- Education: Swarthmore College (BA); Rausser College of Natural Resources, University of California, Berkeley (MA);
- Employer: University of California
- Awards: 2020 LEED Fellow

= Matthew St. Clair =

American environmentalist

Matthew (Matt) St. Clair is an American environmentalist who is the Director of Sustainability for the University of California system of ten university campuses.

== Early life and education ==
St. Clair grew up in the Inland Empire region of Southern California. He has a BA degree in Economics from Swarthmore College and an MA in Environmental Policy from the Energy and Resources Group at the University of California, Berkeley. From 1998 to 2000, he volunteered with Friends of the Earth in the Czech Republic, and gained experience and an appreciation for the impact of effective environmental activism.

== Career ==
As a graduate student, St.
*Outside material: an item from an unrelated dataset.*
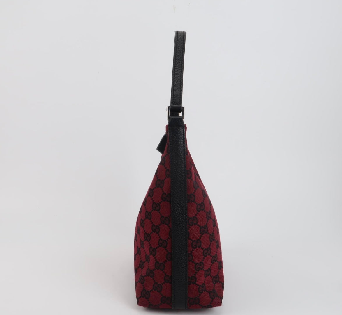A compact shoulder bag with a sharp color hit. The classic GG monogram is woven in deep red canvas, contrasted with black leather trim for a clean, graphic finish. Lightweight, easy to wear, and very much in line with Gucci’s late-90s to early-2000s approach to everyday bags. Simple silhouette, strong presence.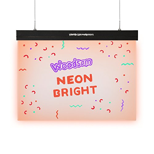 Woodsam LED Writing Drawing Board - 16" x 12" Illuminated Erasable and Non Porous Clear Glass Surface with 2 Fluorescent Liquid Chalk Markers - Great for Kids Home Business Office Holiday Gift

Clair led a student campaign for the University of California system to adopt a comprehensive green building and clean energy planning policy. The University of California then hired him to implement this policy. This policy has included powering new buildings with electricity generated without carbon emissions, and increasing the number of campus buildings that are LEED certified, including every building on the new campus of the University of California, Merced. It has also included creating its own utility company, including financing new solar power generation facilities.

He is a founding member of the Board of Directors for the Association for the Advancement of Sustainability in Higher Education.

In 2020, he was named a LEED Fellow by Green Business Certification Inc.